Пока мы ехали в Кремль выяснилось, что Жулебин нынче большой человек — со вчерашнего дня возглавляет Управление делами ЦК КПСС. Одно из самых могущественных ведомств страны отвечает за распределение практических всех благ для высшей партноменклатуры в Советском Союзе. В эту империю входят государственные дачи и санатории, спецбазы продовольственных и промышленных товаров, ателье, мебельные цехи и даже аффинажный заводик, где женам начальства по баснословно низким ценам делают золотые кольца и другие ювелирные изделия. И разумеется, элитный жилой фонд. Именно глава Управделами выделяет нужным людям квартиры «улучшенной планировки» или даже целые особняки. А еще я читал в Айфоне, что это в этом ведомстве есть секретный «экономический сектор», который управляет золотом Партии. А точнее всеми зарубежными активами. Отвечают за это два человека. Уже бывший управделами Георгий Сергеевич Павлов и Герой социалистического труда Николай Ефимович Кручина. Оба, что любопытно, странным образом покончат с собой во время событий 91-го года, когда новые хозяева страны начнут искать золотовалютные фонды Партии. Интересно, а Жулебин уже в курсе «черной кассы»? Или ему еще не передали контакты «доверенных лиц», на которые по всему миру оформлены банки, фирмы и сейфовые ячейки? И ведь не спросишь впрямую. Судя по тому, что охраны у Виктора Михайловича нет, то кассу ему еще не передали. Иначе бы нас пасли ребята из «девятки».

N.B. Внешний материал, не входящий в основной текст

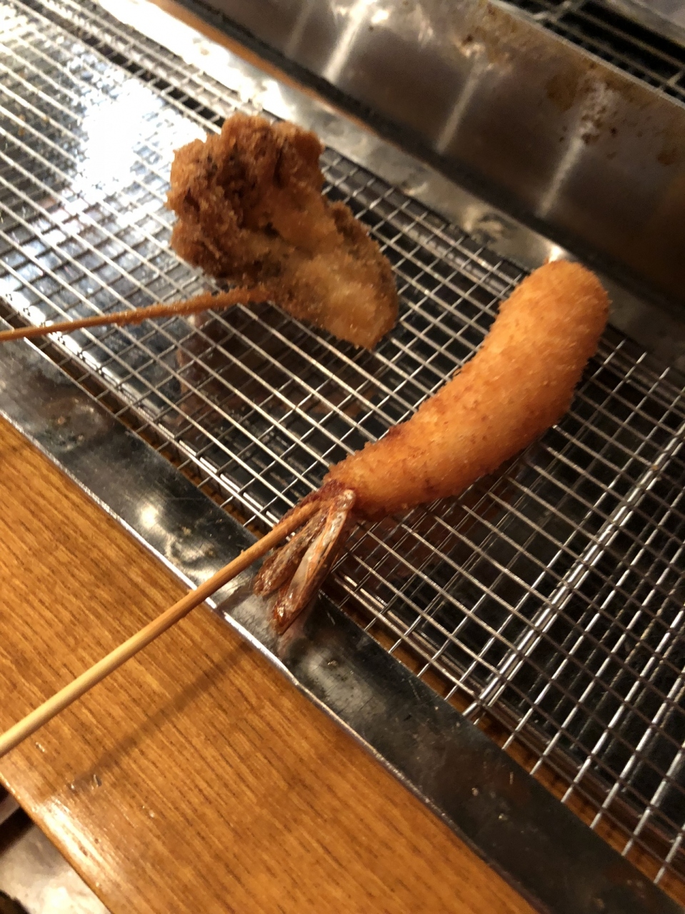 京都で一人飯。地下四条駅近くの串八を初めて訪問。一人でしたのでカウンター席の一番隅の席にしていただきました。メニューは串揚げと串焼きが中心です。串揚げを色々と注文しましたが、衣が薄くて食べやすいです。特に舞茸は香りが強くて歯ごたえもあり美味しく頂きました。とても良いお店でしたが、難点が一つ。
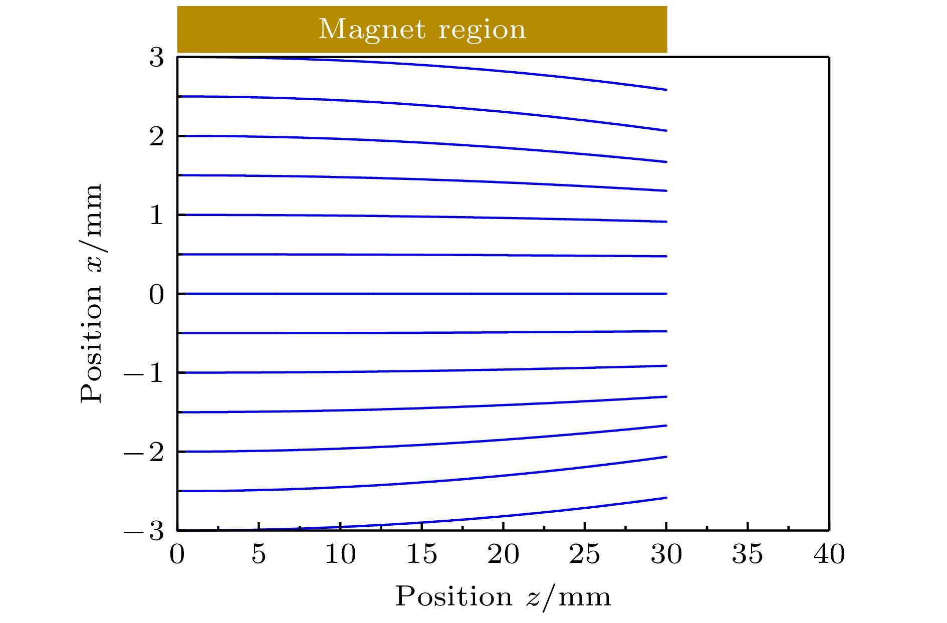 结合上述磁场分布和(2)式, 图5计算得到了800 m/s的$ {M_J} = + 1 $磁子能级23S1 He*原子在磁组件内的运动轨迹. 从图5可以看出, 单个磁组件对垂直进入磁导中心空隙的$ {M_J} = + 1 $磁子能级的23S1亚稳态氦原子有显著的聚焦效果. 这也表明, $ {M_J} = - 1 $的亚稳态氦原子将表现出相反的运动特征, 即磁导对于$ {M_J} = - 1 $氦原子具有发散效果. $ {M_J} = 0 $的亚稳态氦原子由于受磁场力为零, 在磁组件内将不受影响, 继续沿着初始方向飞行. 本文模拟800 m/s氦原子传输是因为液氮冷却后氦束速度约为800 m/s的原子占比较多, 与脉冲阀产生的超声速氢分子束速度相近(脉冲阀冷泵降温至约40 K), 速度相近的合并束碰撞有利于开展更低碰撞能的低温反应实验.
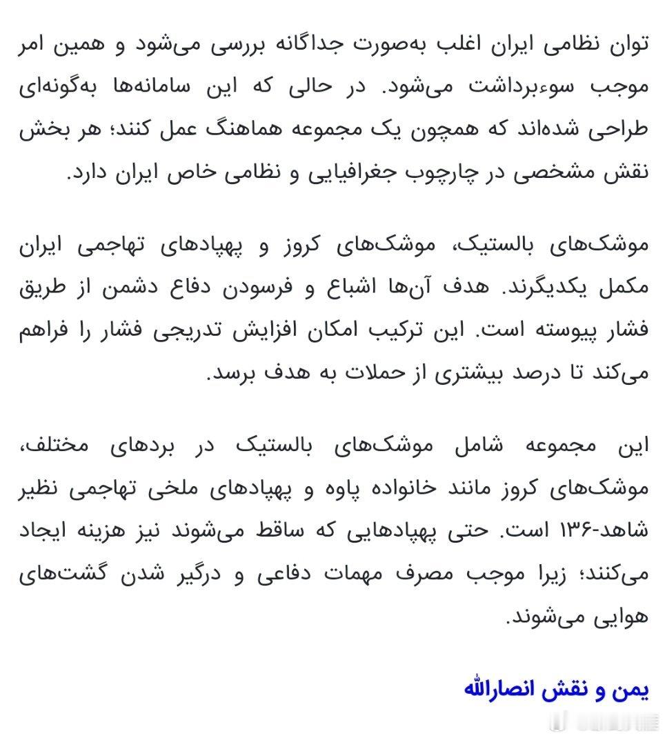 伊朗的军事能力常被单独评估,导致误解。虽然这些系统设计为协调整体,但每个部门在伊朗特定的地理和军事框架中都有独特角色。
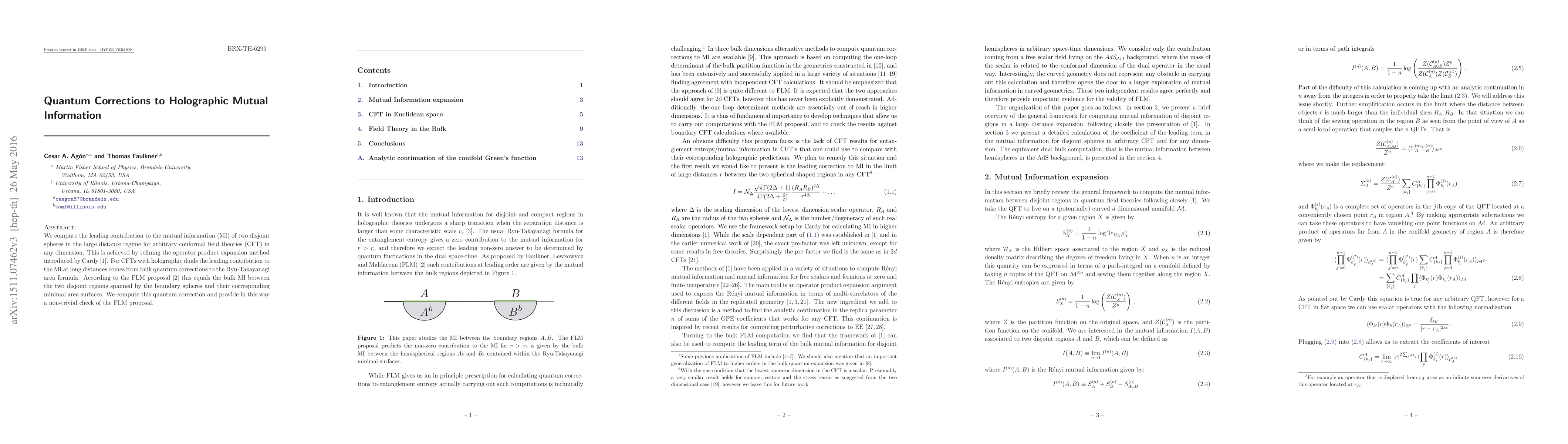 This paper computes the leading quantum corrections to the mutual information between two disjoint spheres in large distance regimes for arbitrary conformal field theories, using refined operator product expansion methods. It provides a non-trivial check of the FLM proposal by showing that these corrections correspond to the bulk mutual information in holographic duals.
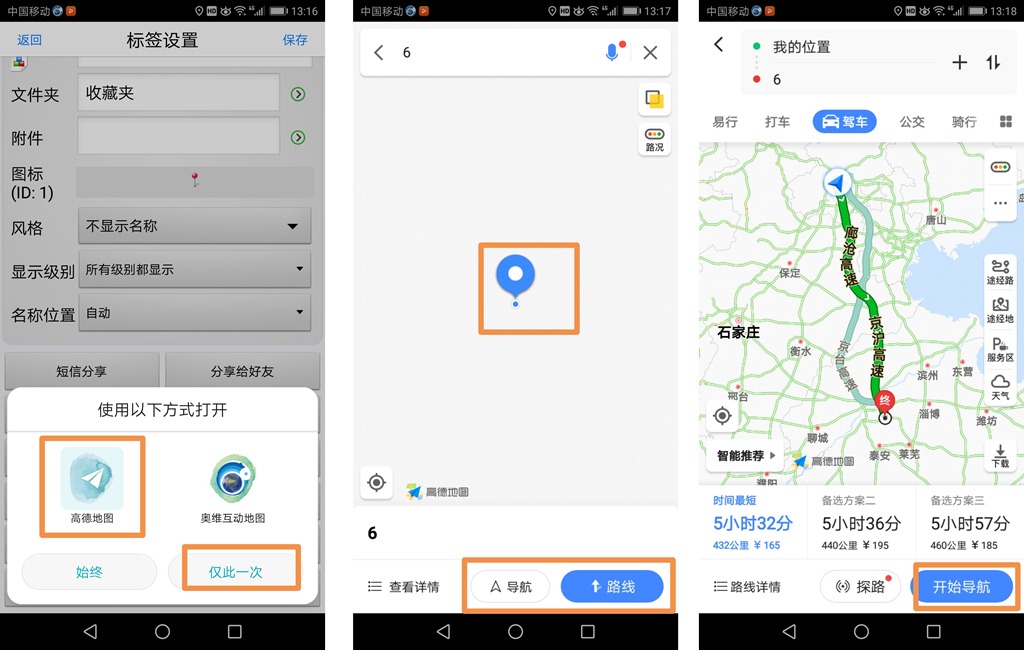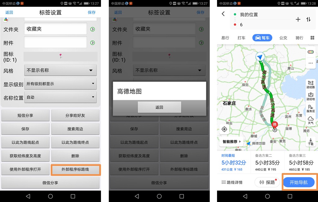 在【标签设置】页面中,点击【使用外部程序打开】,选择外部程序(如高德),点击【仅此一次】,系统自动启动高德程序并定位出该点的位置,若点击【导航】按钮,高德以默认的交通方式、路线开始导航;若点击【路线】按钮,则会显示路线,用户可修改起点、交通方式、路线等,点击【开始导航】按钮,即可。
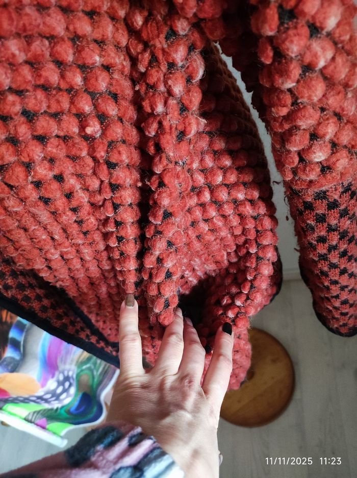 Gilet Hiver chaud noir et rouille. - Col V fermeture par zip et bouton coupe cache coeur - manches longues resserrées sur l'avant bras - coupe ample et confortable - État d'usage - Longueur sous les fesses
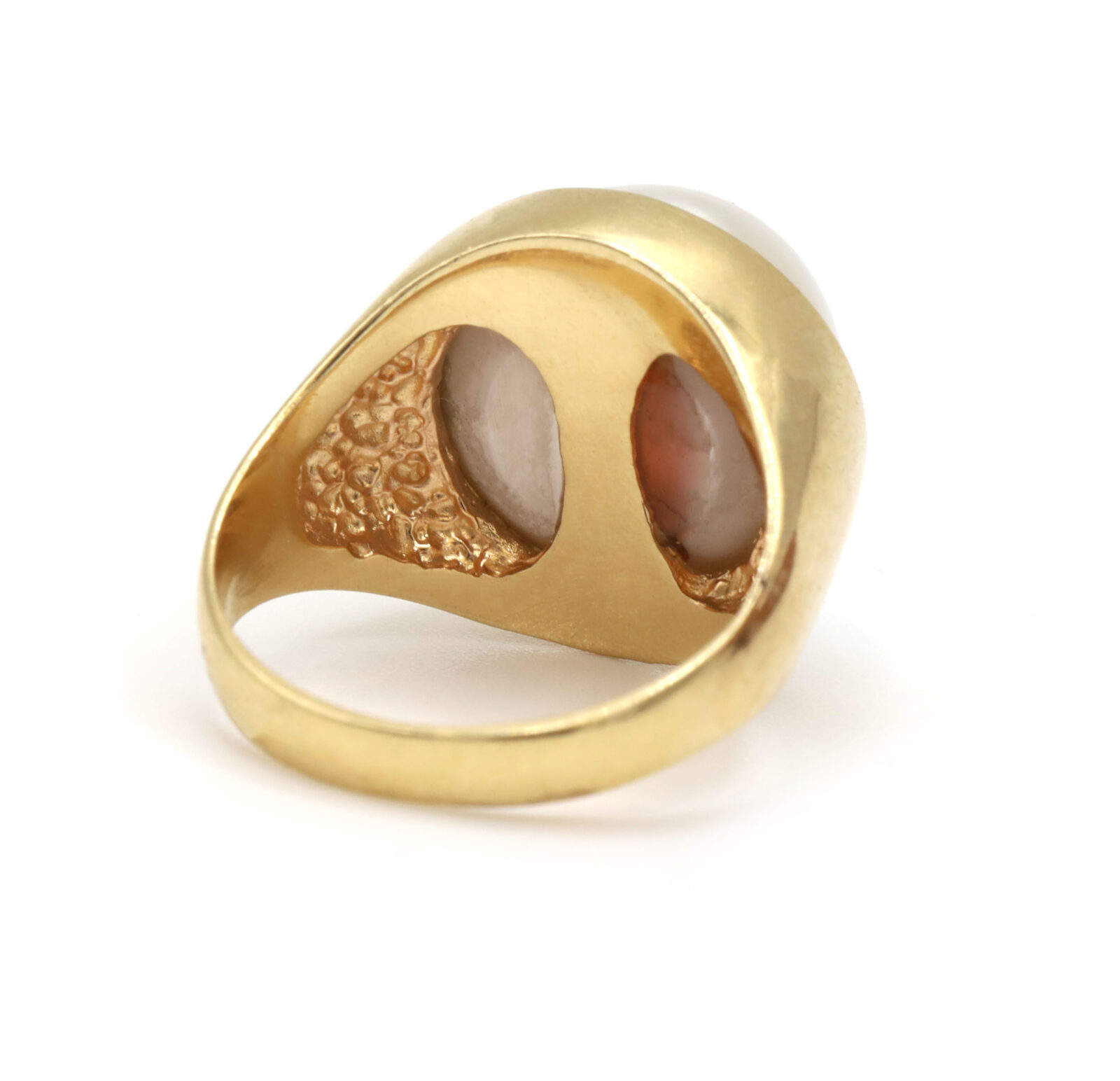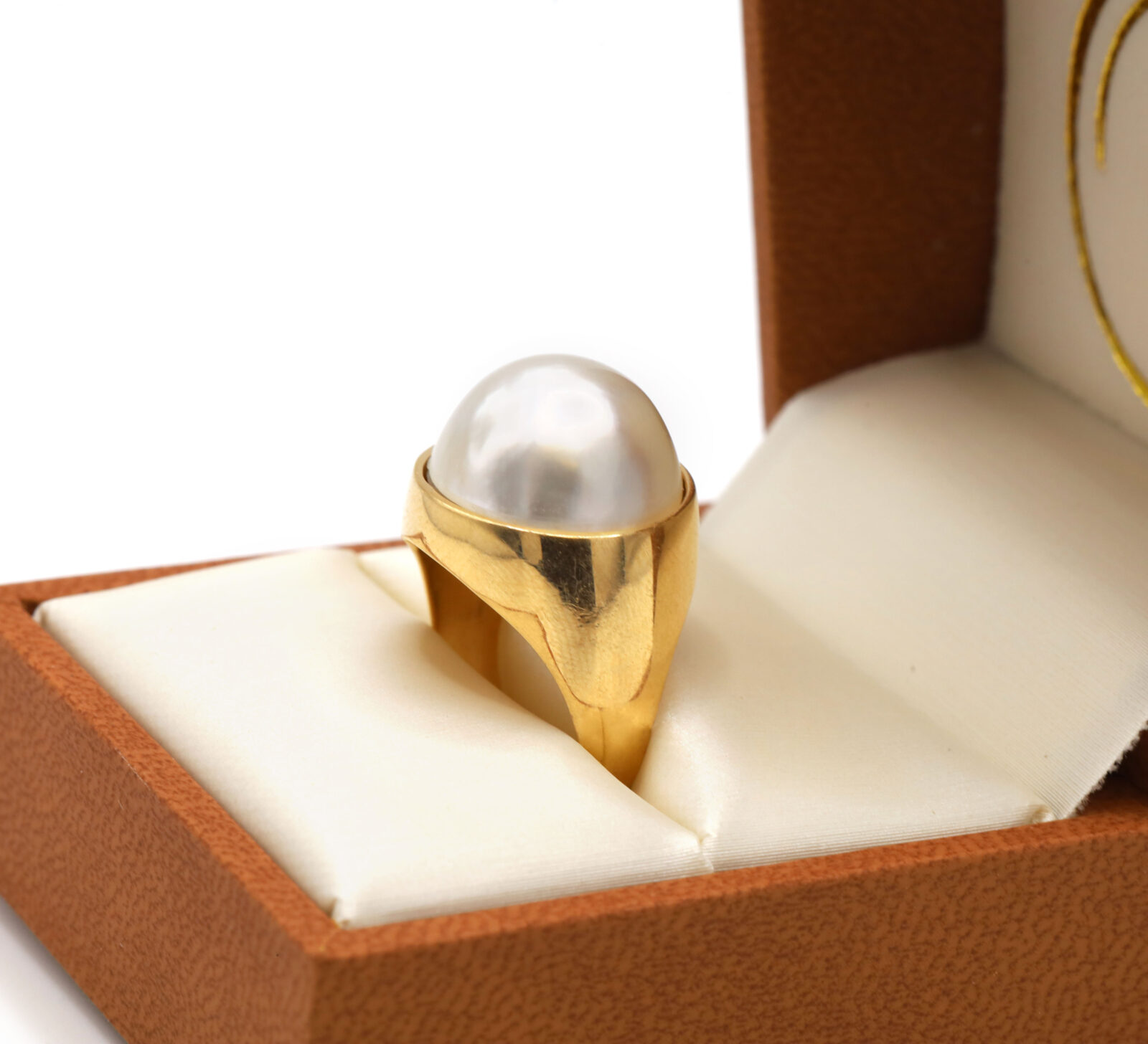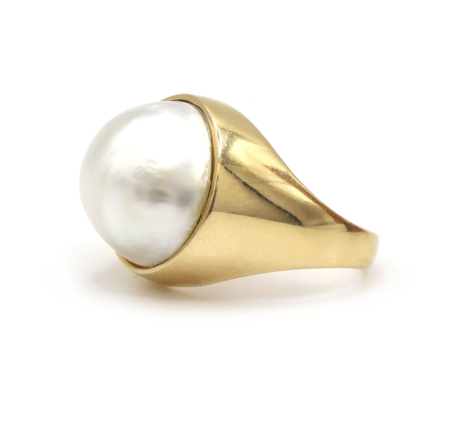 Size: 5.5 Gemstone: South Sea Blister Pearl Pearl Measurements: 13.8 x 13.8 mm Band Measurements: 3mm Material: 14k Yellow Gold Weight: 8 Grams
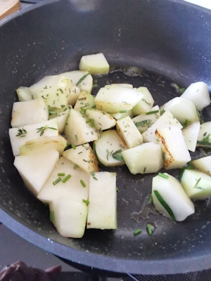 | Franchement il faut que je pense plus souvent au chou rave ! Cuisiné ainsi j’ai obtenu une délicieuse poêlée qui s’est fort bien mariée avec mon saumon. J’ai vraiment beaucoup aimé ce petit goût un peu acidulé rendu par le vinaigre et le parfum des herbes. Je compte bien le refaire ! |
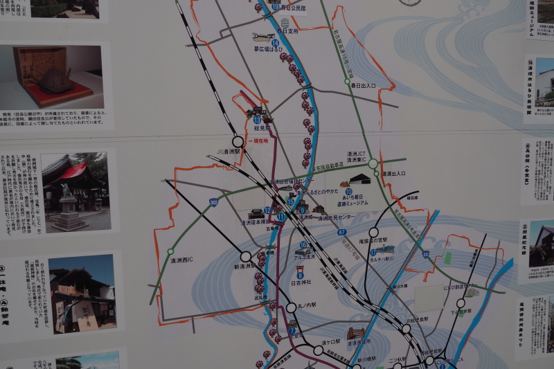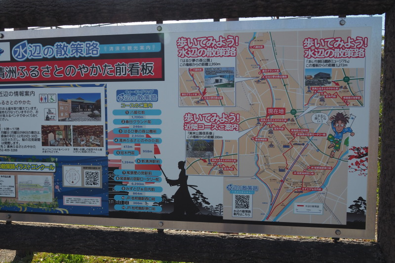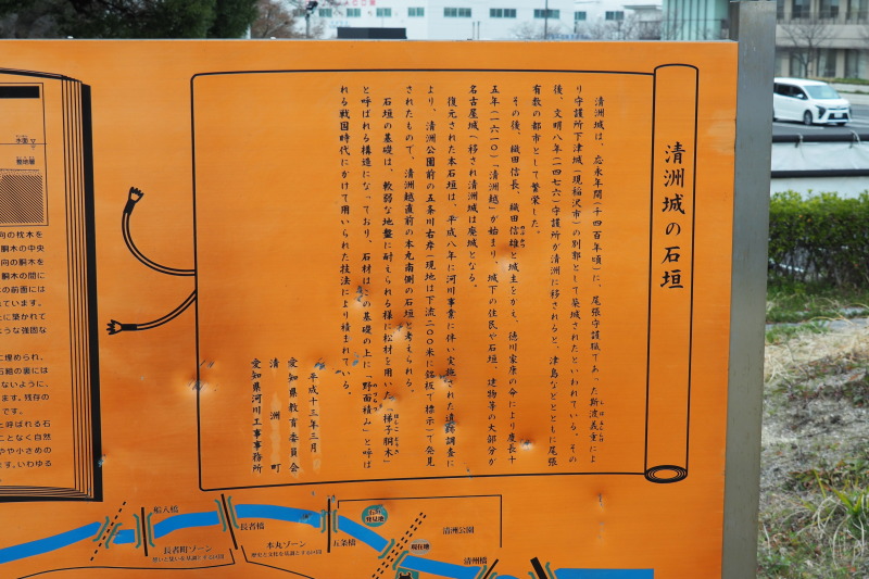 | 清洲城近くにある「水辺の散策路」の看板。 | ||
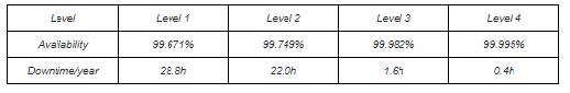In the four different levels of definitions, different requirements for building structure, electrical, grounding, fire protection and telecommunication infrastructure safety are included. Table 2 shows the availability index of the TIA942 standard data center level.
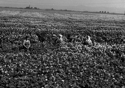 Arbeiterinnen bei der Bestäubung von Kartoffelblüten zur Kombinationszüchtung neuer Kartoffelsorten in der Saatzuchtwirtschaft Johann Firlbeck in Rinkam (Lkr. Straubing), Fotografie: 8.7.1971.
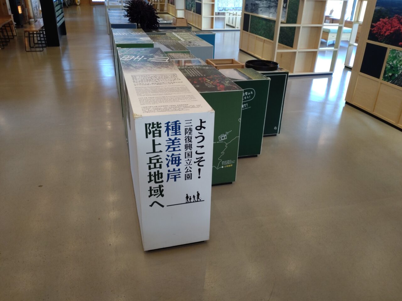 種差海岸インフォメーションセンターは、青森県八戸市にある種差海岸の観光情報を提供する施設です。このセンターは、種差海岸や三陸復興国立公園に訪れる観光客に向けて、地域の自然、文化、観光資源を紹介し、快適な観光体験をサポートする役割を担っています。インフォメーション内には、東京海洋大学客員教授として魚類研究で有名なさかなクンが描いた「三陸ジオパーク」の絵も展示されています。
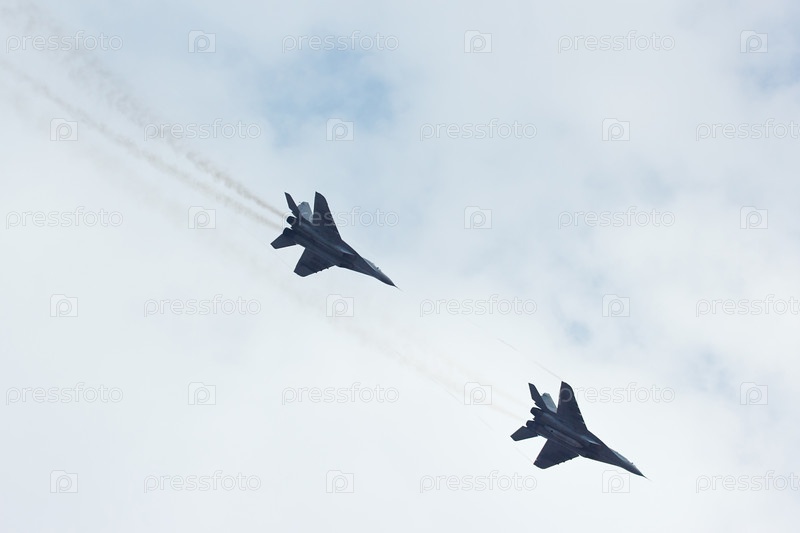 Два российских военных истребителя МиГ-29 в небе
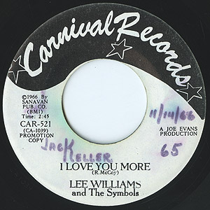 スウィートソウルファンから絶大な支持を受けるLee Williams率いるグループThe Cymbolsの記念すべきデビューシングル。
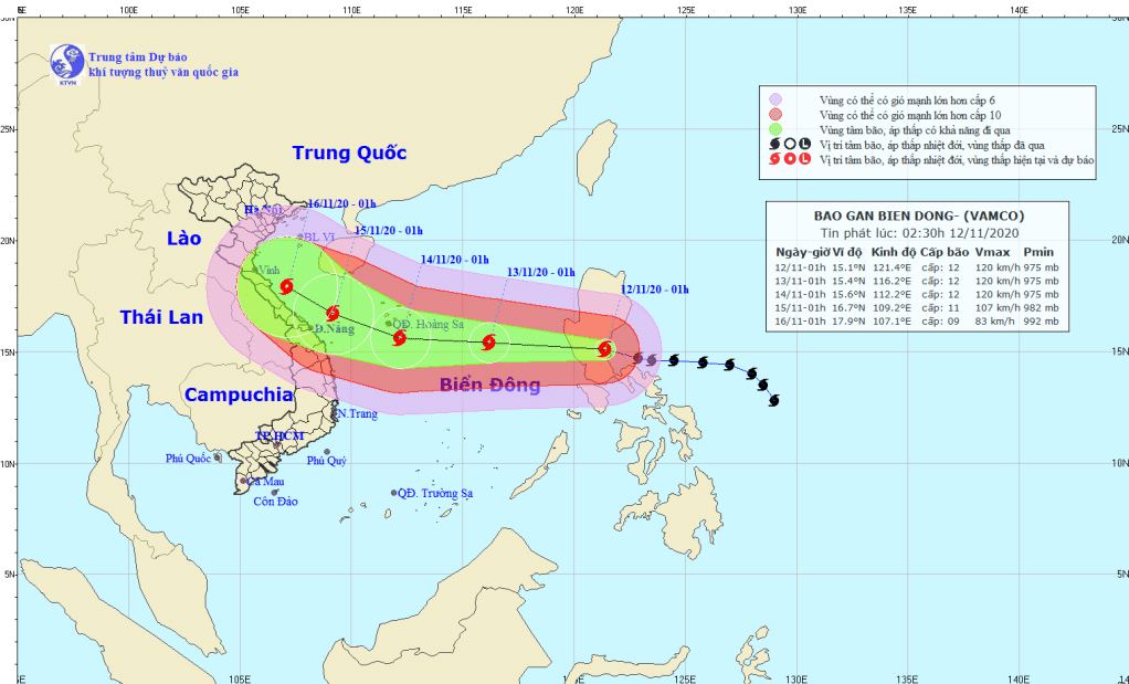 Hồi 01 giờ sáng nay (12/11), vị trí tâm bão ở khoảng 15,1 độ Vĩ Bắc; 121,4 độ Kinh Đông, trên khu vực phía Đông Nam đảo Lu-dông (Phi-líp-pin). Sức gió mạnh nhất vùng gần tâm bão mạnh cấp 12 (115-135km/giờ), giật cấp 15.

— А Георгий Сергеевич — осторожно поинтересовался я — Куда его теперь?
— Не знаю — пожал плечами Жулебин — На пенсию, наверное.
— Такого заслуженного человека??
— А вот не надо было палки вставлять Григорию Васильевичу! — ударил по рулю новый управделами — Из-за такой ерунды поссорились полгода назад.
— Какой? — я старательно делал вид, что мне не очень интересно
Жулебин внимательно на меня посмотрел, выдержал паузу и все-таки ответил:
— Павлов затягивал вопрос оплаты семидесяти тысяч рублей на реставрацию броневика, с которого выступал в 17-м году Владимир Ильич. Машина уже должна по планам стоять перед зданием ленинградского филиала Центрального музея Ленина, а «воз и ныне там». Очень сильно Григорий Васильевич поссорился с Павловым.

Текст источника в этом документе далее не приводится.